**Your objective**
The lines below, from the first through the one containing "ネクストゴールはにゃぱんの春", are to be given again exactly, with pictures left out and nothing added.

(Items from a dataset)
=-=-=
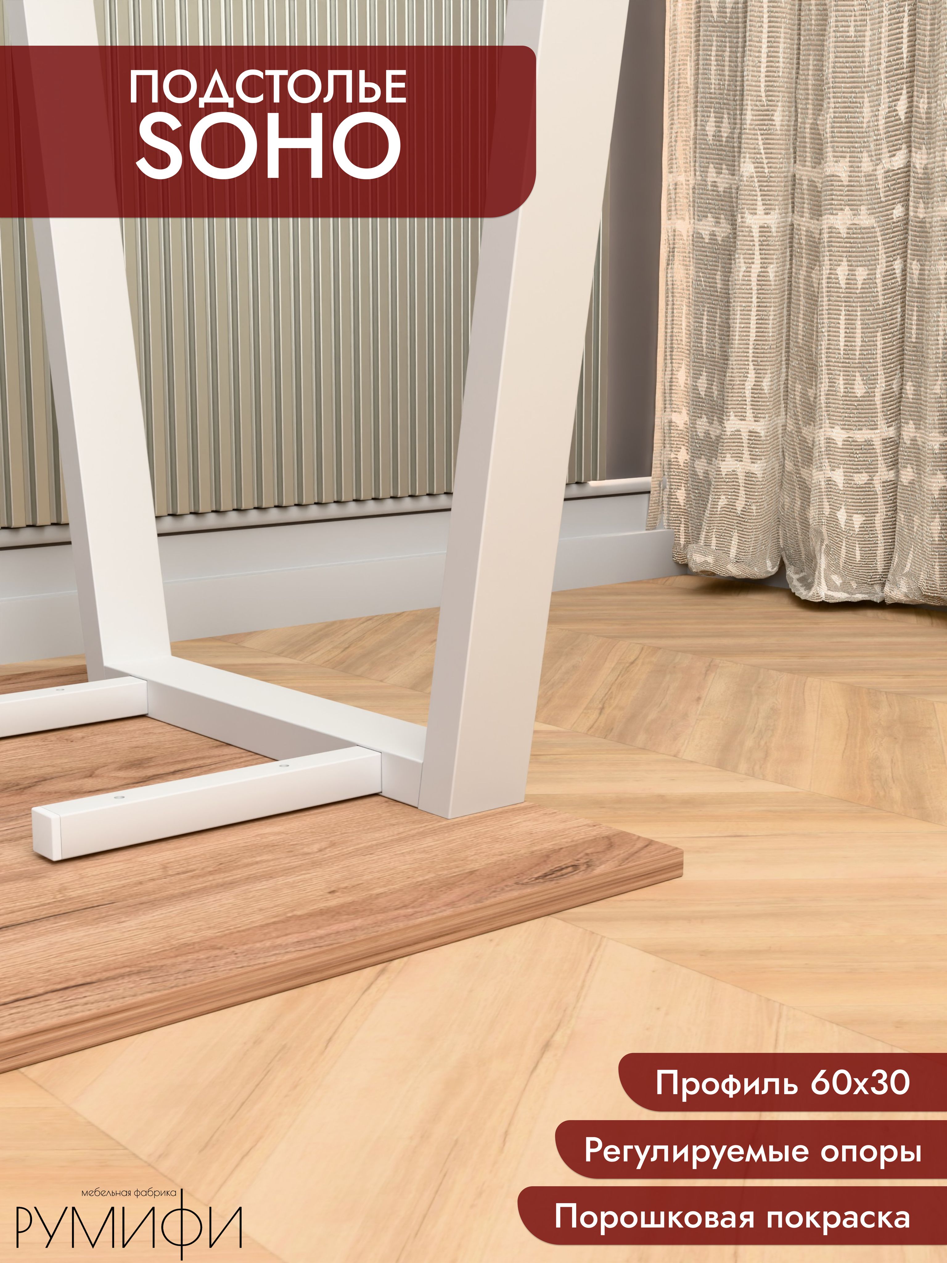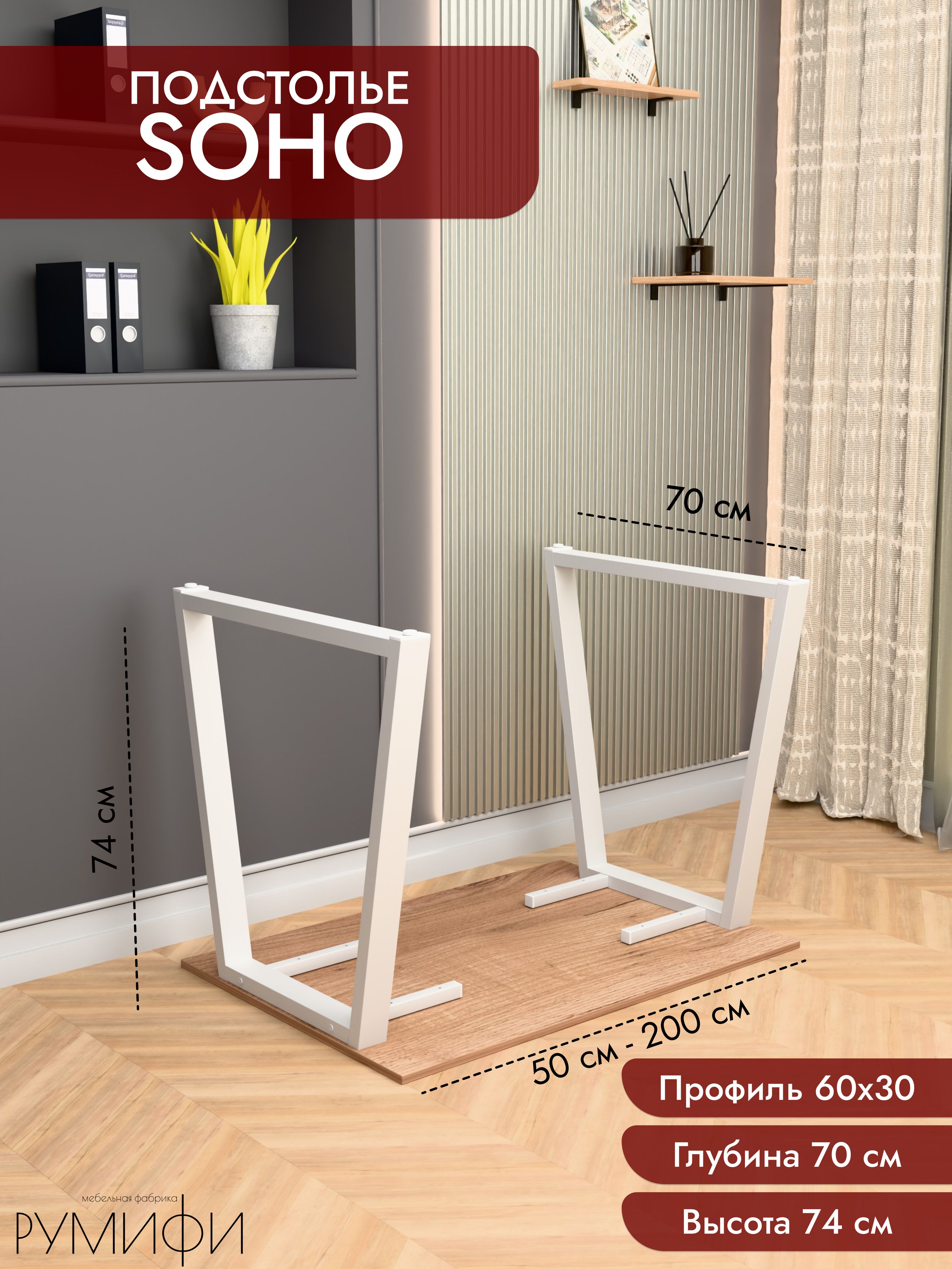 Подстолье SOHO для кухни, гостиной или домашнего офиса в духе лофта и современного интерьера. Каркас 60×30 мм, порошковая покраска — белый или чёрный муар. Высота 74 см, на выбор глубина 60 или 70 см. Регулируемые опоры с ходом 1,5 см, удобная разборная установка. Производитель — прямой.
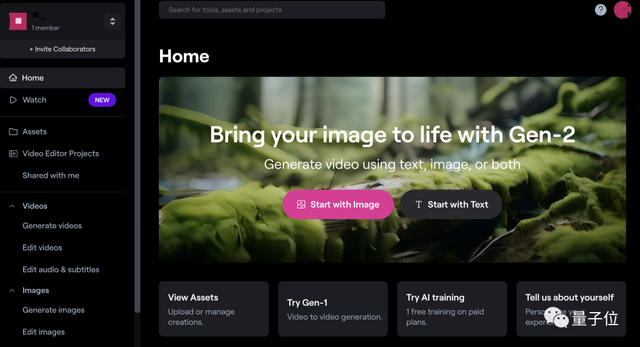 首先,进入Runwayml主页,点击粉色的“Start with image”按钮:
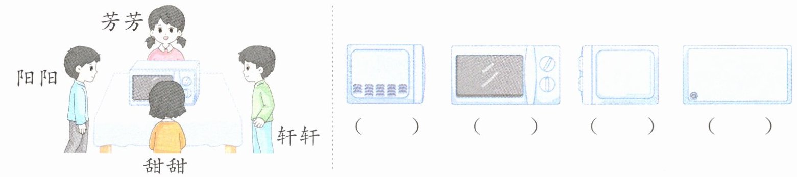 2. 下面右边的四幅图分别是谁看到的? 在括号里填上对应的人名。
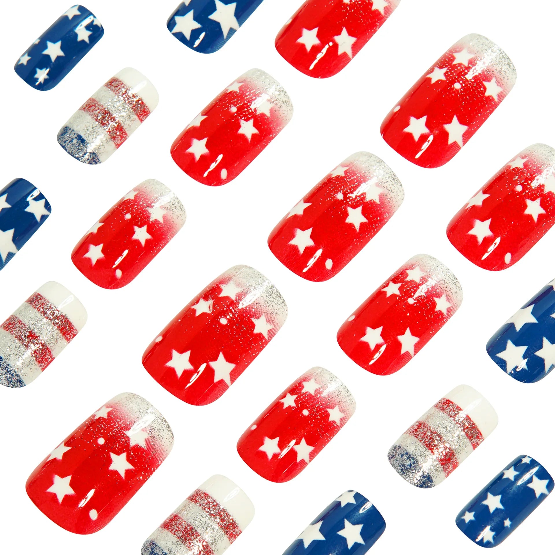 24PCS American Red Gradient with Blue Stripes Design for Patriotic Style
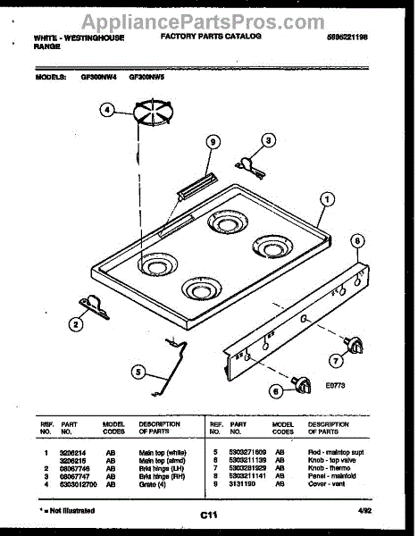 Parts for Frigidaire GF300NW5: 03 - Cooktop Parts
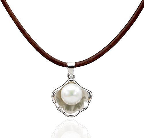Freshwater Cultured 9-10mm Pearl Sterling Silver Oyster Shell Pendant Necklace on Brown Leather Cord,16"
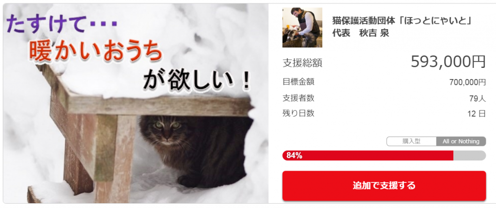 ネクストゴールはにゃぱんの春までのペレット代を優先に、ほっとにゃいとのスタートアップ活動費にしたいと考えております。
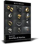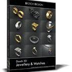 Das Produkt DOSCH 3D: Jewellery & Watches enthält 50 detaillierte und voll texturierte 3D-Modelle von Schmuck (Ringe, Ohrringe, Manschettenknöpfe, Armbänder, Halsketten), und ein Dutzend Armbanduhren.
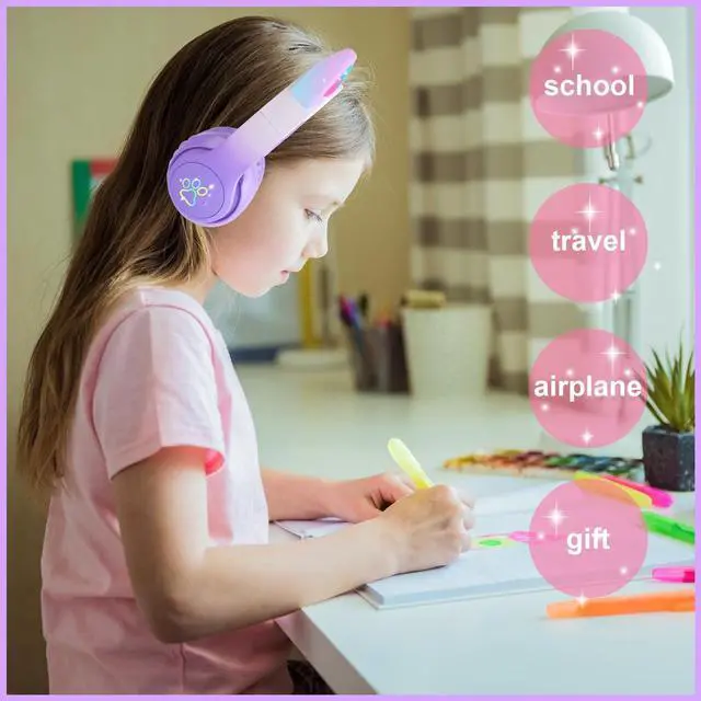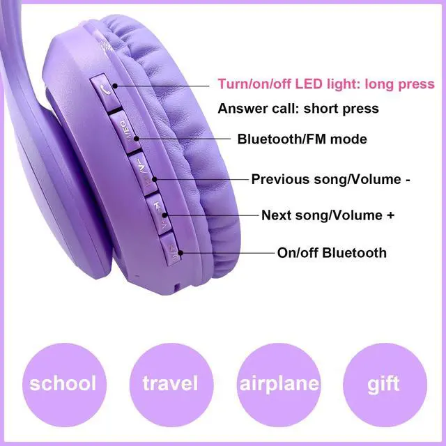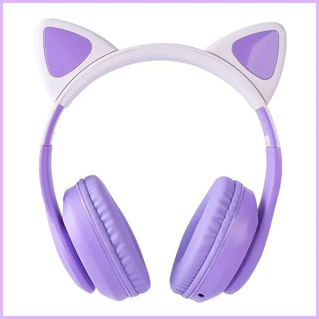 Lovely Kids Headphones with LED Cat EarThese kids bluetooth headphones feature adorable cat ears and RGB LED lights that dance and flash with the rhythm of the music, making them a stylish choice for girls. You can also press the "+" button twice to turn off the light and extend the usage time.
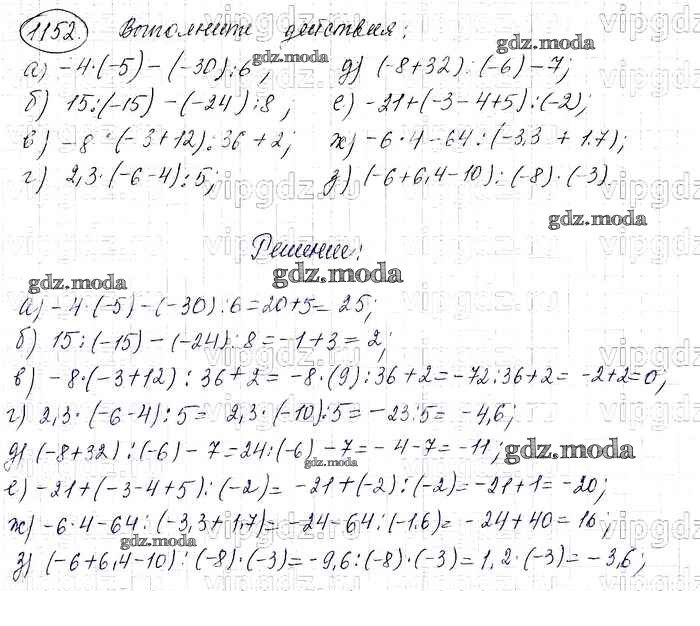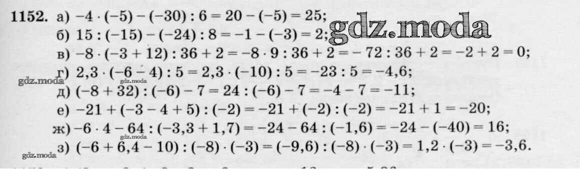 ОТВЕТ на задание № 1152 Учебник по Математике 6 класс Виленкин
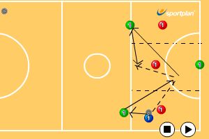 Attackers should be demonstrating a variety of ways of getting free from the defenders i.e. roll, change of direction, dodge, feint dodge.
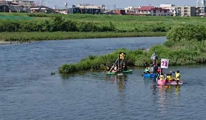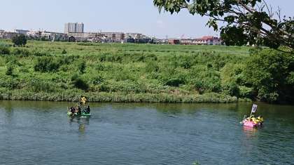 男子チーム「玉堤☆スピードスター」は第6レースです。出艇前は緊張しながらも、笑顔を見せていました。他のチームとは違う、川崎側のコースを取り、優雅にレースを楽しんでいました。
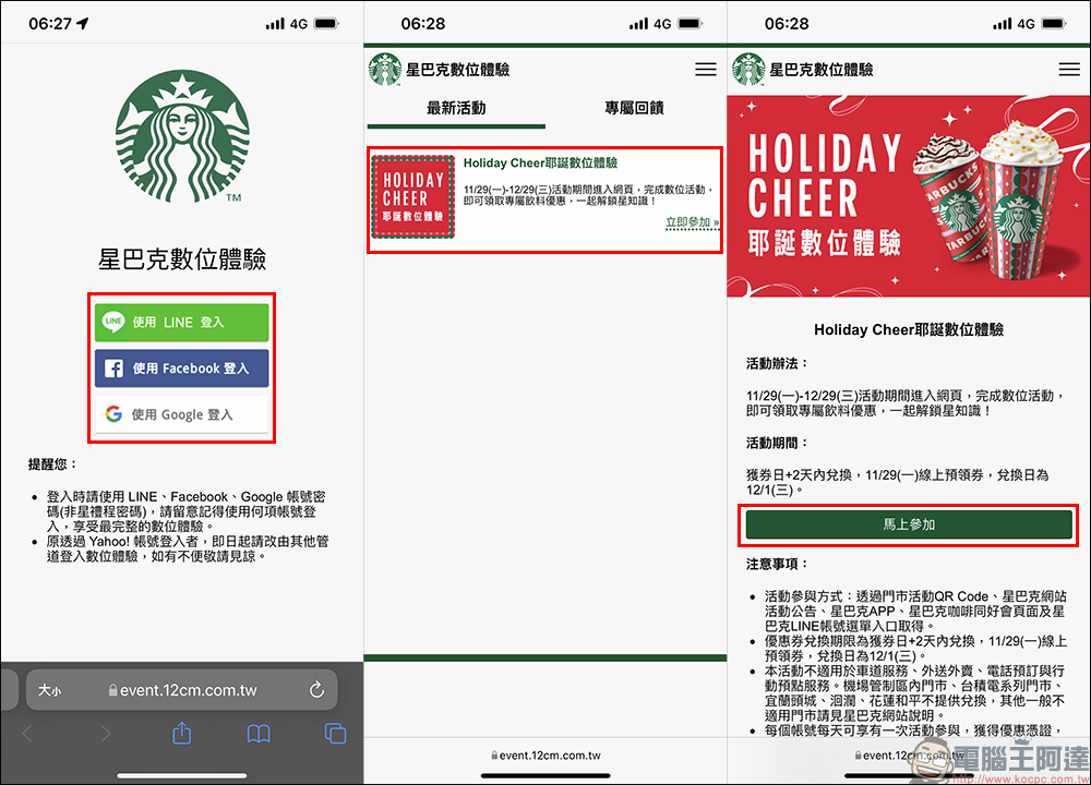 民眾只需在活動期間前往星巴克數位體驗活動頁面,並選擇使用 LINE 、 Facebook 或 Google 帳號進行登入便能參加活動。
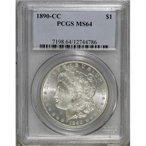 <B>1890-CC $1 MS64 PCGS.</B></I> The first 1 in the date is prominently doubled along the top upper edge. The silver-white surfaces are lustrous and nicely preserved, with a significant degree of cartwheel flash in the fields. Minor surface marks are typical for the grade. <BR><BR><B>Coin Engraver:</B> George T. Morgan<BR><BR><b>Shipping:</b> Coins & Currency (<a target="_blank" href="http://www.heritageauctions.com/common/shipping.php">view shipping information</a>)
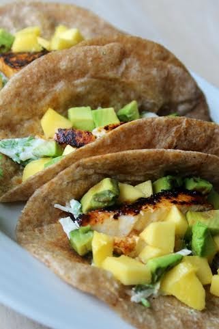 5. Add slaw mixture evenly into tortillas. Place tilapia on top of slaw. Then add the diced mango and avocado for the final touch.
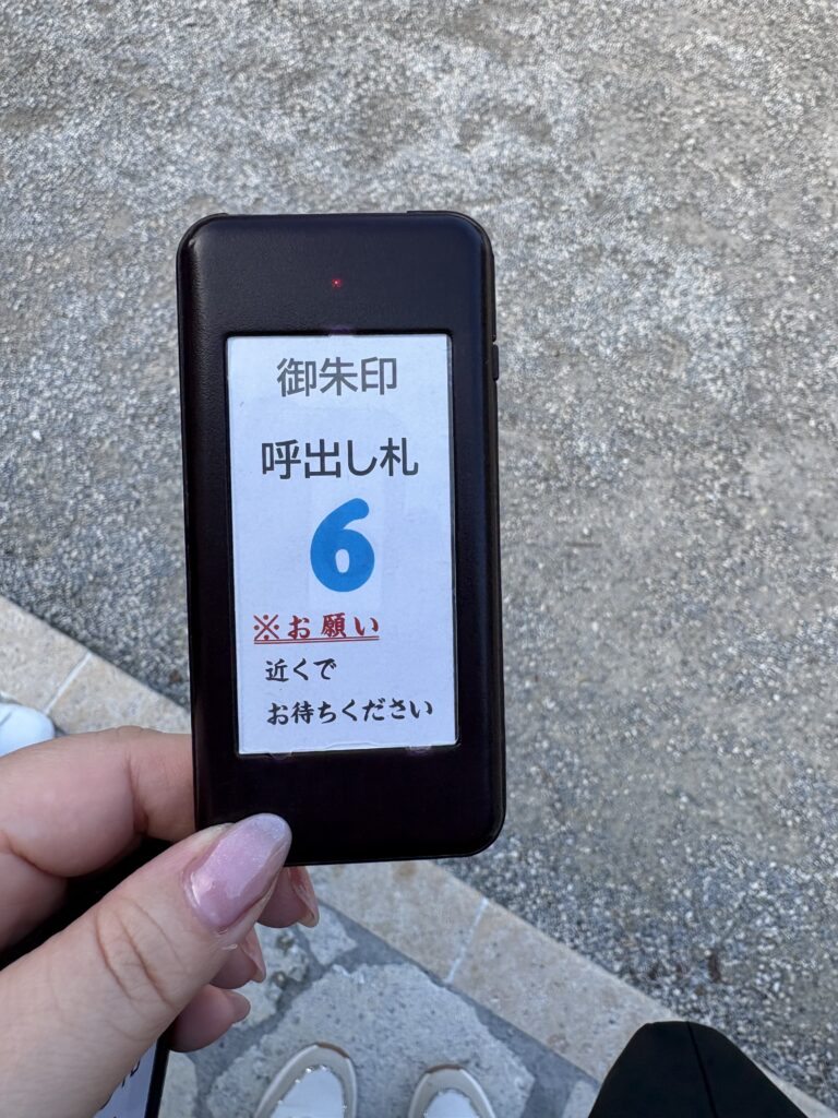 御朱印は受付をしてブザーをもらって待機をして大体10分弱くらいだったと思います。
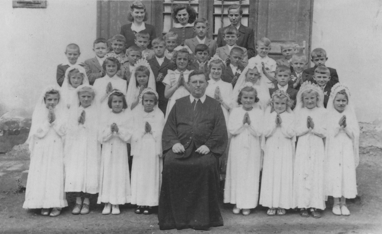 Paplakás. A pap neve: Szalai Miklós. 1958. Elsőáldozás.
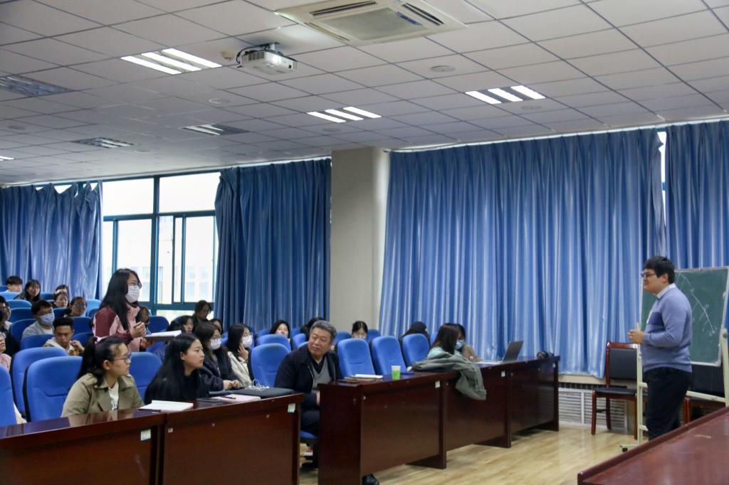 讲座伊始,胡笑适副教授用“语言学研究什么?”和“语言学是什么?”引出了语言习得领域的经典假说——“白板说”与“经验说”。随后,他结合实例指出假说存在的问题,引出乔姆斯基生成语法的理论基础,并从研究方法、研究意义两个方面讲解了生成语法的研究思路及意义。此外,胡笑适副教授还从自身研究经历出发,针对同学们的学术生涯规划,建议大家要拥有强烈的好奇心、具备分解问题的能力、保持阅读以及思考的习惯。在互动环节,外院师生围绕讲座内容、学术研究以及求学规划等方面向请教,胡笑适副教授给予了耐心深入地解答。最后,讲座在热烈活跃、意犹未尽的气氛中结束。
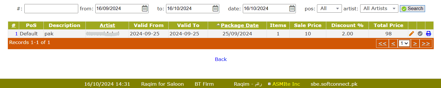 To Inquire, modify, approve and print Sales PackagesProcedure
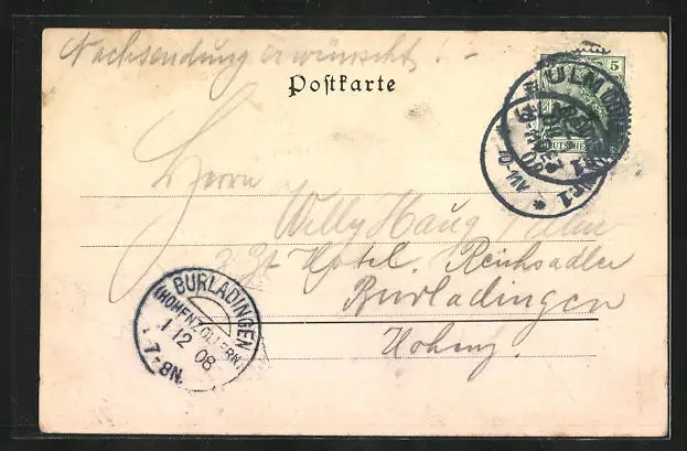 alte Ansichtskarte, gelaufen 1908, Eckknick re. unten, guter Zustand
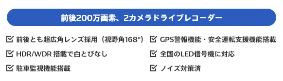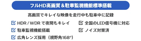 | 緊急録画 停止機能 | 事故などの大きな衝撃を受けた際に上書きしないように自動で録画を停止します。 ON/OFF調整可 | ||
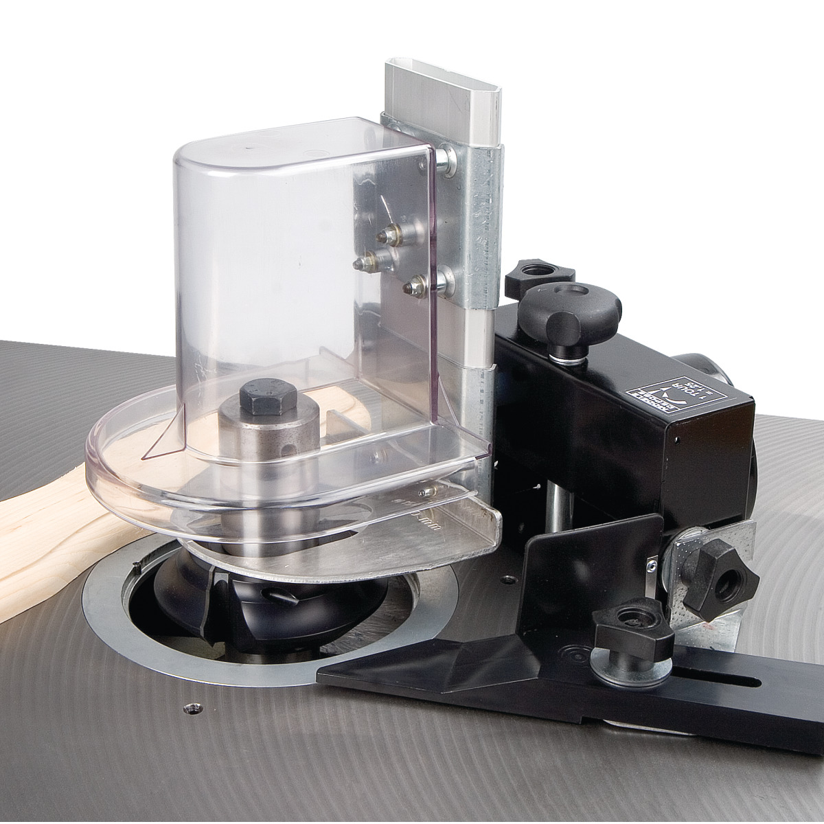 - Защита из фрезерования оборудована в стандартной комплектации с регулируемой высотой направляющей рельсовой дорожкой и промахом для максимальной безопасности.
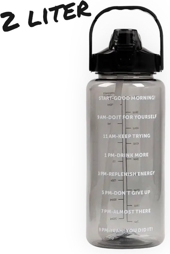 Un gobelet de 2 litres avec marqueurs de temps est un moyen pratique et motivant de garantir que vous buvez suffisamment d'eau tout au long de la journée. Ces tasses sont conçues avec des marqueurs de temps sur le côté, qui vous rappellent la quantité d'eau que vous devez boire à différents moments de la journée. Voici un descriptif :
=-=-=
**Response to this exercise**
 Подстолье SOHO для кухни, гостиной или домашнего офиса в духе лофта и современного интерьера. Каркас 60×30 мм, порошковая покраска — белый или чёрный муар. Высота 74 см, на выбор глубина 60 или 70 см. Регулируемые опоры с ходом 1,5 см, удобная разборная установка. Производитель — прямой.
 首先,进入Runwayml主页,点击粉色的“Start with image”按钮:
 2. 下面右边的四幅图分别是谁看到的? 在括号里填上对应的人名。
 24PCS American Red Gradient with Blue Stripes Design for Patriotic Style
 Parts for Frigidaire GF300NW5: 03 - Cooktop Parts
Freshwater Cultured 9-10mm Pearl Sterling Silver Oyster Shell Pendant Necklace on Brown Leather Cord,16"
 ネクストゴールはにゃぱんの春までのペレット代を優先に、ほっとにゃいとのスタートアップ活動費にしたいと考えております。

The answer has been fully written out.